The crucially important details of this new aducanumab analysis have not yet been shared publicly, but that will change in early December when Biogen is scheduled to present the data at the Clinical Trials on Alzheimer’s Disease annual meeting.

What was expected to be a somewhat sleepy Alzheimer’s research meeting is now a red-hot ticket.

“I don’t think the field has ever seen data like this,” said Sandrock, sounding very much like a man who wants to prove Biogen’s critics wrong.

Dr. Michael Ehlers, Biogen’s previous research and development chief, left the company right before the aducanumab announcement. Some critics have pointed to Ehlers’ exit as a sign that there was internal disagreement about the strength of the aducanumab data.

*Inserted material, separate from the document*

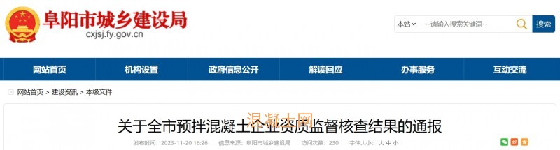 根據(jù)《阜陽市工程運輸車輛專項整治工作方案》部署,阜陽市城鄉(xiāng)建設(shè)局于2023年10月11日起,在全市范圍內(nèi)開展了預拌混凝土專業(yè)承包企業(yè)資質(zhì)監(jiān)督核查,現(xiàn)將核查結(jié)果通報如下。
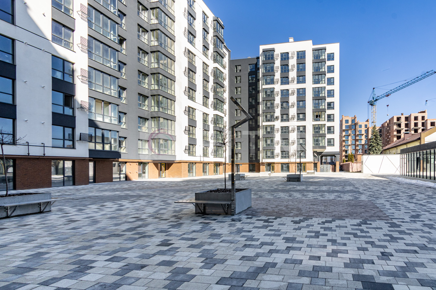 Будинок зданий, цегляний, із закритою від авто територією. Передбачено гостьовий та підземний паркінг. Простір навколо спокійний і впорядкований — без транзитного транспорту під вікнами.

Ehlers knew about the aducanumab results, “and I can tell you he was excited about it,” said Sandrock on Thursday. Ehlers’s decision to leave Biogen to join a venture capital firm was more about wanting to be “close to the science,” he added.

Biogen shared the aducanumab data with officials at the Food and Drug Administration during two face-to-face meetings held in June and October. After the second meeting, the FDA told Biogen that it was “reasonable” to file for aducanumab’s approval, Sandrock said.

Will the FDA approve aducanumab?

Sandrock didn’t offer a prediction, but if the FDA rejects the drug now or asks Biogen to conduct another large clinical trial to collect additional data, it would mean “lots more people” would get Alzheimer’s without a drug to help them.

“It’s in their hands now,” said Sandrock.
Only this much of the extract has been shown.